### EXERCISE OBJECTIVE
Copy the records that follow exactly as written, but not their pictures.

### EXERCISE MATERIALS
▬▬▬▬▬▬▬▬▬▬
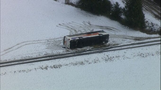 事故当時、バスには乗員乗客45人が乗っていて、乗客11人が病院に救急搬送。うち1人が骨折している可能性があるものの、いずれも命に別状はないということです。
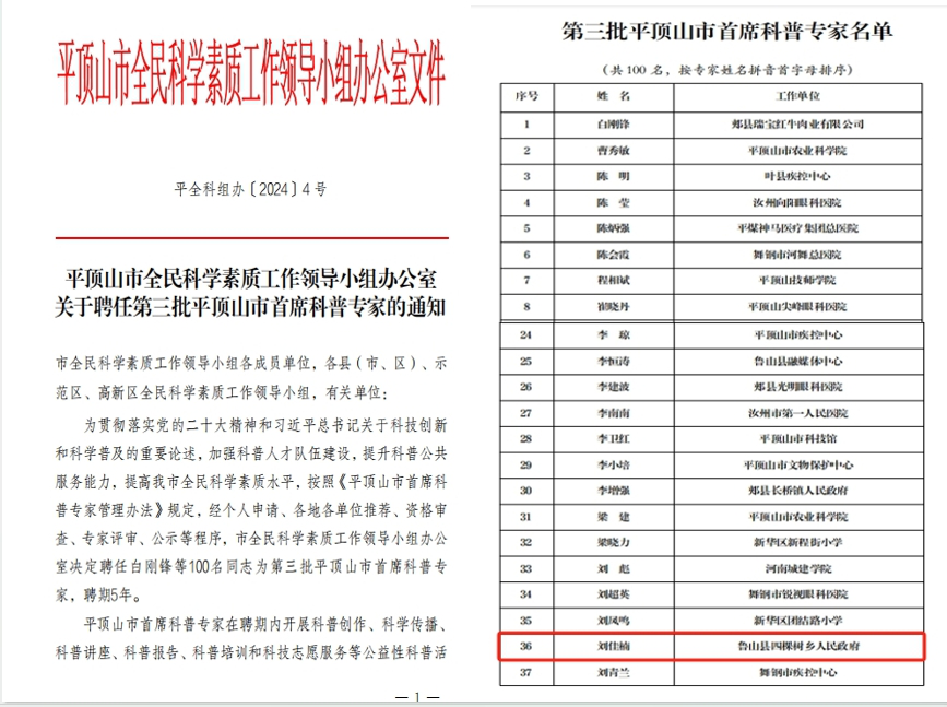 近日,平顶山市全民科学素质工作领导小组办公室公布了第三批平顶山市首席科普专家名单,经鲁山县科学技术协会和鲁山县四棵树乡政府联合推荐,我校经济与贸易学院团委书记刘佳楠获聘“平顶山市首席科普专家”。
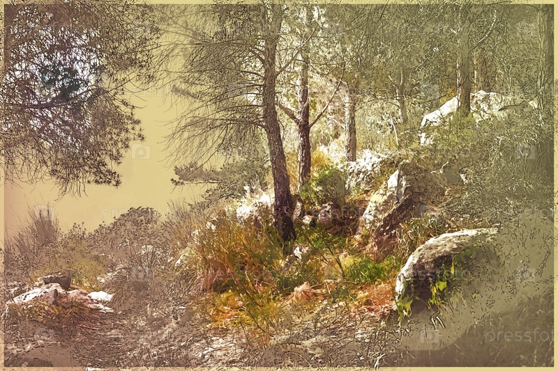 Пейзаж с деревьями и камнями
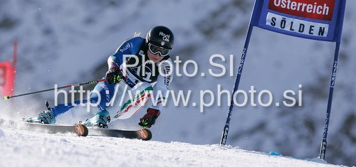 Soelden ,Austria - 24.10.2009 : Second placed after first run Manuela Moelgg of Italy skiing in first run of first Women GS FIS Alpine ski World Cup 2009-2010 race in Soelden, Austria. First giant slalom race of Women FIS Alpine ski World Cup was held on Rettenbach glacier above Soelden, Austria on 24th of October 2009. Photo by: Primoz Jeroncic
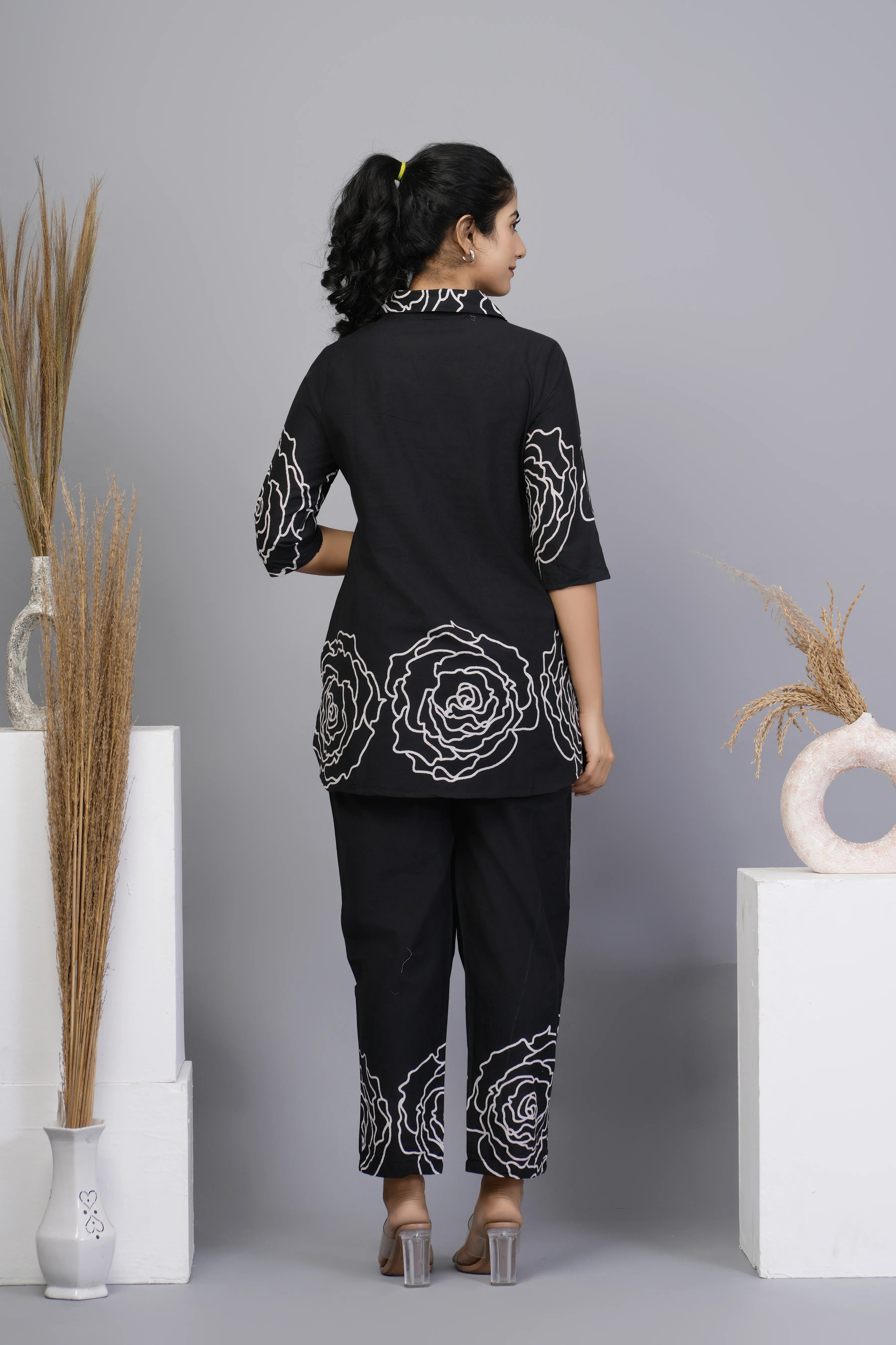 Black Floral Printed Cotton Co-ord Set
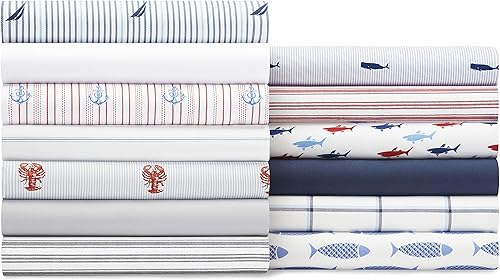 Nautica - Draps pour très Grand lit, Ensemble de literie en Percale de Coton, décoration d'intérieur décontractée (Bleu Marine, très Grand lit)
▬▬▬▬▬▬▬▬▬▬
### ANSWER SECTION
 事故当時、バスには乗員乗客45人が乗っていて、乗客11人が病院に救急搬送。うち1人が骨折している可能性があるものの、いずれも命に別状はないということです。
 近日,平顶山市全民科学素质工作领导小组办公室公布了第三批平顶山市首席科普专家名单,经鲁山县科学技术协会和鲁山县四棵树乡政府联合推荐,我校经济与贸易学院团委书记刘佳楠获聘“平顶山市首席科普专家”。
 Пейзаж с деревьями и камнями
 Soelden ,Austria - 24.10.2009 : Second placed after first run Manuela Moelgg of Italy skiing in first run of first Women GS FIS Alpine ski World Cup 2009-2010 race in Soelden, Austria. First giant slalom race of Women FIS Alpine ski World Cup was held on Rettenbach glacier above Soelden, Austria on 24th of October 2009. Photo by: Primoz Jeroncic
 Black Floral Printed Cotton Co-ord Set
 Nautica - Draps pour très Grand lit, Ensemble de literie en Percale de Coton, décoration d'intérieur décontractée (Bleu Marine, très Grand lit)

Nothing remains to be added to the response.